If you're still collecting scams.
Posted by: Sebastien Bailard | September 22, 2008 8:54 PM
Sebastian: thanks, I know what's missing (a perl dependency) and I'm fixing it.
Posted by: Charlie Stross | September 22, 2008 8:57 PM
Wh00t!
New server!
Do the happy-server-upgrade dance, you know you want to.
It involves cats, bacon, John Scalzi, the LHC, and a box of chocolates.
And beer.
Posted by: TechSlave | September 23, 2008 3:54 AM
Charlie,
It looks to me like the new iron is still colocated in London -- is that right?
Posted by: Jack Foy | September 23, 2008 7:06 AM
It could be the good old placebo effect, but now the website seems faster and more responsive. The comments pages load almost instantaneously.
Posted by: Giacomo | September 23, 2008 8:33 AM
@10: I concur, the site feels, for want of a better word, "snappy", posts and comment pages load pretty much instantly... now back to reading Jennifer Morgue... again.
Posted by: James | September 23, 2008 9:24 AM
Actually, by publicising the move, Charlie has opened himself up to an attack and this isn't the real antipope.
It may all look normal now, but expect a gradual increase in Chinese Ulster Unionist propaganda.

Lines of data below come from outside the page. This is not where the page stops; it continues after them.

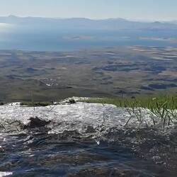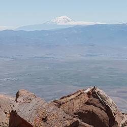 Wir kreuzen Bäche mit Eiskristallen. Es wird immer kälter und wir gewinnen schnell an Höhe. Auch der Ararat rückt ins Bild. Der Ausblick ist fantastisch. Dann fehlen noch 250 Höhenmeter. Es wirkt wie ein Berg auf dem Berg. Der Kraterrand hat große Schneefelder und ist aus losem Geröll. So langsam verstehen wir, warum auf Bildern die Leute einen Helm tragen😅!
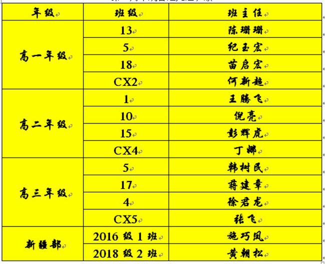 高一5班、高一7班、高一8班、高一10班;高二2班、高二9班、高 二12班、高二17班;高三5班、高三7班、高三13班、高三18班;高 一创新2班、高二创新4班、高三创新5班;新疆部1602、1702
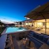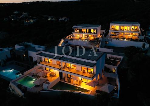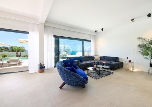 Die Villa erstreckt sich über ein Erdgeschoss und ein Obergeschoss und verfügt über fünf modern eingerichtete Schlafzimmer, jeweils mit eigenem Bad, einen großzügigen Wohnbereich mit moderner Küche und Essbereich sowie ein geräumiges Wohnzimmer mit großen Glasfronten. Neben dem modernen Interieur besticht das Haus durch einen gepflegten Garten mit beheiztem Infinity-Pool, Sonnenterrasse, Lounge-Bereich und Grillplatz.
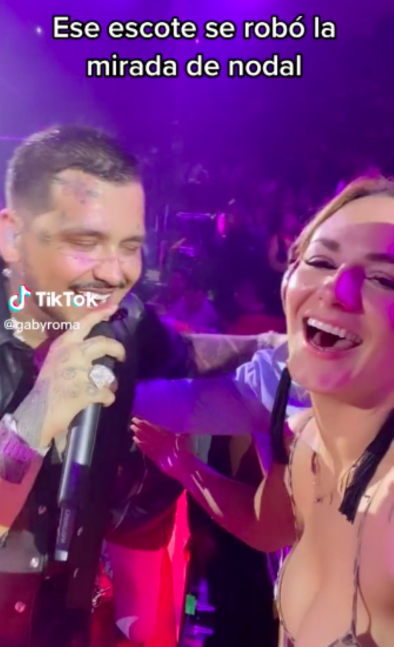Pero este no fue el único detalle de Nodal que llamó la atención en su paso por Tlaxcala, pues quedó en video cuando una joven, que se identificó como Gabi Roma, llama la atención del cantante mientras ella graba y él interpretaba Te voy a olvidar, pero no estaba planeado grabar cuando el cantante le mira el escote a la joven. “Ese escote se robó la mirada de Nodal”, escribió Roma en TikTok.

Posted by: Jim Smith | September 23, 2008 9:54 AM
Jack: yes, it's still in London. With a different firm, though -- one who provide actual tech support and a network-accessible console for reboots, at about 66% the cost of the previous deal. And, hopefully, a solution to the spam problem in sight ... (on the email side, not the web server side: I also run my email through this box, and before I started outsourcing the spam filtering earlier this year it was running at 20,000 spams/day, spiking to 60,000 occasionally.)
Posted by: Charlie Stross | September 23, 2008 10:48 AM
Welcome to the spam world, Charlie. Unfortunately, you are not the one getting a lot of it. I am a SysAdmin; I found that with my customers the solution for spam-flooding is greylisting. After putting a greylist filter in front of the mail server, the spam dropped. Of course, after greylisting I put an antispam/antivirus filter that eliminates the surviving unwanted mails. The only issue with greylisting I found are with badly configured MTA, but you can put them in the whitelist of the greylist :)

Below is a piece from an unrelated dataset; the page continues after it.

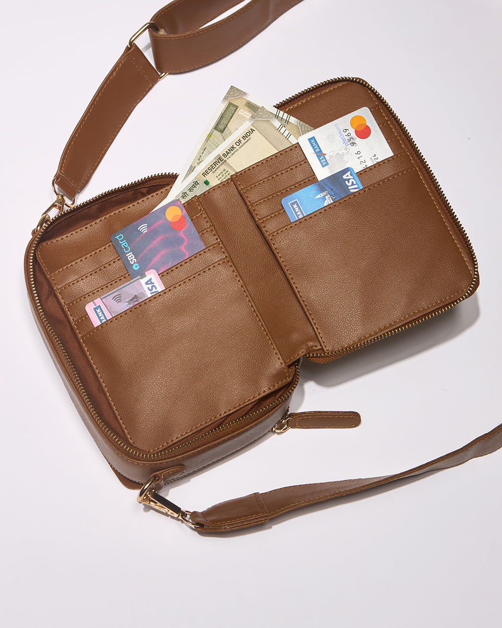 Designed for compact convenience, it features a secure zipper closure and multiple inner pockets to keep your essentials sorted on the go.
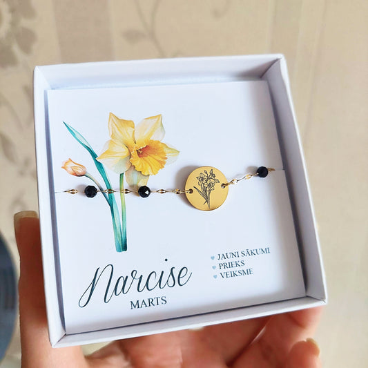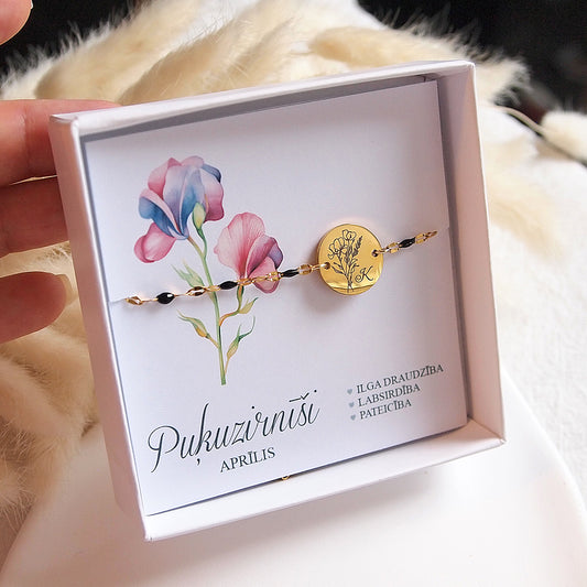 Personalizēta melnā turmalīna aproce ar mēneša ziedu

Posted by: Luigi Rosa | September 24, 2008 7:00 AM
Luigi: I've been getting spam since 1992 (the "Green Card" spam that hit usenet). Frankly, what I'm getting in my mailbox now is junk from the spammers who don't even bother looking at MX records -- they just bombard anything that's open on Port 25. (Which, thanks to some upgrades and the new move, will be going away just as soon as I've moved some tech-illiterate family members to a different port.)
Posted by: Charlie Stross | September 24, 2008 10:22 AM
I arrived on Internet a couple of years later: I started with FidoNet. From my point of view, looking at the logs (good old tail -f) I noticed that many spammers attacks the secondary MX and THEN the primary, hoping that the secondary MX is less protected than the primary. Many domains use their ISP MTA as secondary MX and trust the mail coming from it, opening the doors to a lot of spam mail. But I don't think that there is a silver bullet to fight spam, and everyone should use a different strategy; in this way spammers cannot use a single strategy to defeat all systems.
Posted by: Luigi Rosa | September 24, 2008 4:22 PM
Frigg and Mafdet get their own port!?